Tommy Smart

Personal information
- Full name: Thomas Smart
- Date of birth: 20 September 1896
- Place of birth: Blackheath, Staffordshire, England
- Date of death: 10 June 1968 (aged 71)
- Height: 6 ft 2 in (1.88 m)
- Position: Full back

Youth career
- Rowley Regis Schools

Senior career*
- Years: Team / Apps / (Gls)
- Blackheath Town
- 19??–1920: Halesowen Town
- 1920–1934: Aston Villa / 405 / (8)
- 1934–1936: Brierley Hill Alliance

International career
- 1921–1929: England / 5 / (0)

= Tommy Smart =

English footballer

Thomas Smart (20 September 1896 – 10 June 1968) was an English footballer who played as a full back for Aston Villa. He made five appearances for England at international level, and also played for the Football League XI.

Tommy Smart was born in Blackheath, which was then in Staffordshire. He had four brothers and four sisters. He played schools football in the Rowley Regis area before joining Blackheath Town, and when his career was interrupted by the outbreak of the First World War, he played Army football. After the war, he played for Halesowen Town

Smart signied for Football League First Division club Aston Villa in January 1920 for a £300.00 fee.
He soon established himself in Villa's first team, and made his debut for the England team against Scotland in 1921. The third of his five appearances, also against Scotland, was in the first match that England played at Wembley Stadium, on 12 April 1924.

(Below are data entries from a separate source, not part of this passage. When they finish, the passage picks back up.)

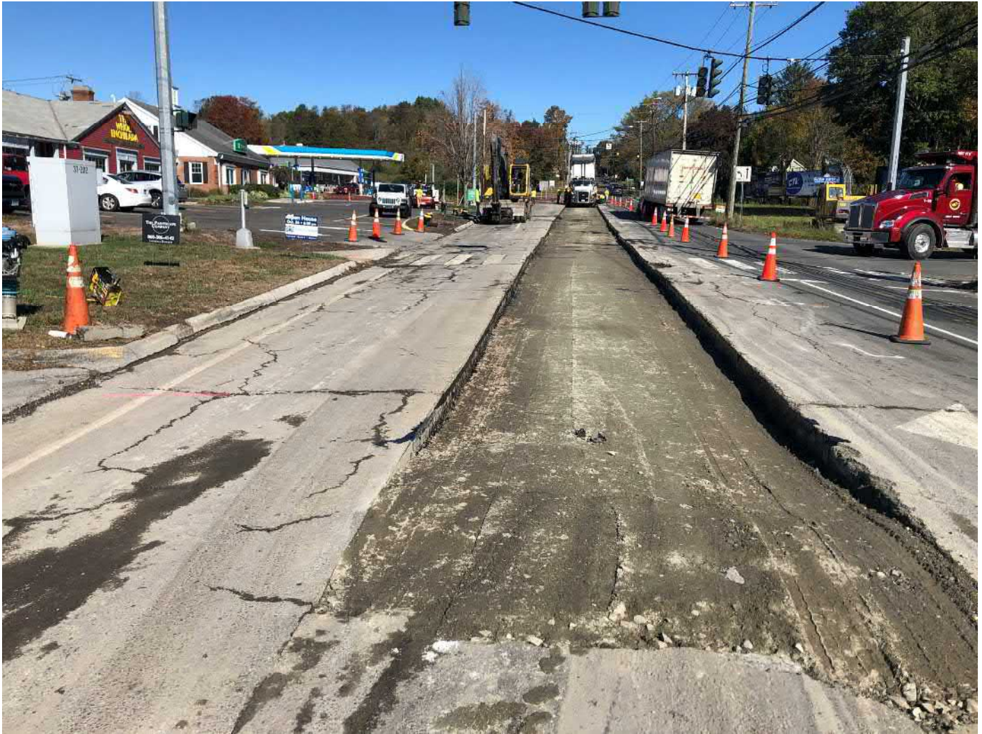
Picture 4: Pavement stripped back between Stations 164+25 to 167+30 as part of trench overcut permanent paving activities on the southbound lane of Main Street, Durham, between. View to the north.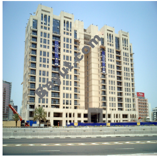
Emaar Towers Exterior View 5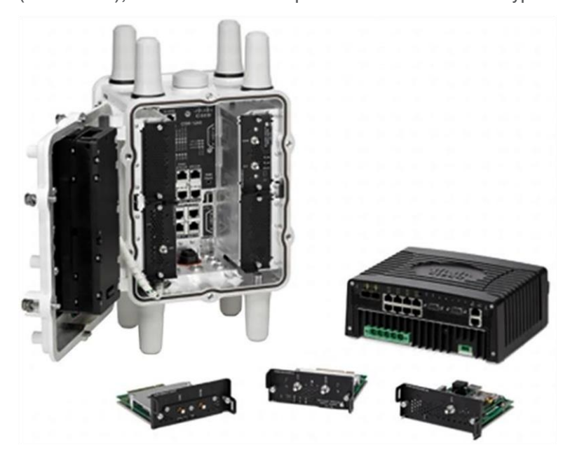
Figure 1. Cisco 1000 Series connected grid routers

The Cisco CGR 1000 Series includes two platforms, shown in Figure 1: The Cisco 1120 Connected Grid Router (CGR 1120), which is designed for indoor deployments; and the Cisco 1240 Connected Grid Router (CGR 1240), which is a weatherproof router in a NEMA Type 4 enclosure for outdoor deployments.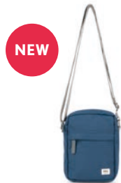
DEEP BLUE ONE SIZE RECYCLED CANVAS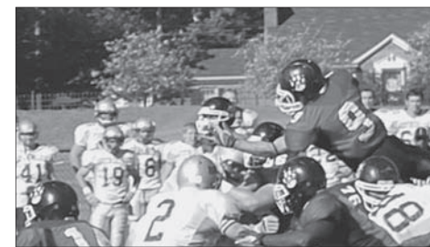
Football wins! Football wins!

The Weekly Student Newspaper of Rhodes College

Smart scored eight goals in 408 Football League matches for Villa, and played another 46 matches in the FA Cup, including appearances on the winning side in the 1920 FA Cup Final and on the losing side in 1924. Only six players have played more times for the club.

In 1934 he moved on to Brierley Hill Alliance, and retired from football in 1936. He died in 1968.